Below, we start to run our code.

In [57]:
#------ Start to run ------#
if __name__ == '__main__':
    
    save_folder_list = ['feature_analysis/without_normalization', 
                        'feature_analysis/standardscaler', 
                        'feature_analysis/minmaxscaler']
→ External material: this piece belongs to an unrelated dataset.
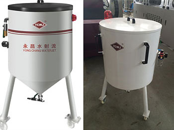 YCWJ自动送砂系统为水切割机提供了储砂和将磨料自动传送到数控工作平台上的砂斗的功能,提高工作效率、减轻操作人员劳动强度的提高机器自动化程度的设计理念; · 操作简单方便,运行可靠,免维护; · 高灵敏度感应器和信号灯指示可提示操作人员何时将砂料加入砂桶; · 170公升的容积可提供连续500至800分钟切割所需的砂量; · 可同时为两台水切割自动供砂) |

    for cur_folder in save_folder_list:
        if not os.path.exists(cur_folder):
            os.makedirs(cur_folder)
            print('Congrats! Folder has been created!')
        else:
            print('There is no need to create any folders!')
        
    input_file_name = 'processed_csv/processed_combined.csv'
    
    #----wihtout normalization
    norm_tag = 'without_normalization'
    root_dir = 'feature_analysis/without_normalization'
    without_normalization_analysis(input_file_name, norm_tag, root_dir)
    
    #---- normalization to be [0,1]
    norm_tag = 'minmaxscaler'
    root_dir = 'feature_analysis/minmaxscaler'
    minmax_normalization_analysis(input_file_name, norm_tag,root_dir)
    
    
    #---- normalization to be zero mean and unit standard deviation (std)
    norm_tag = 'standardscaler'
    root_dir = 'feature_analysis/standardscaler'
    standardscaler_normalization_analysis(input_file_name, norm_tag,root_dir)
   
    
    print('')
    print('>>>Congrats! Features analysis is done!')

Congrats! Folder has been created!
Congrats! Folder has been created!
Congrats! Folder has been created!

>>>Congrats! Features analysis is done!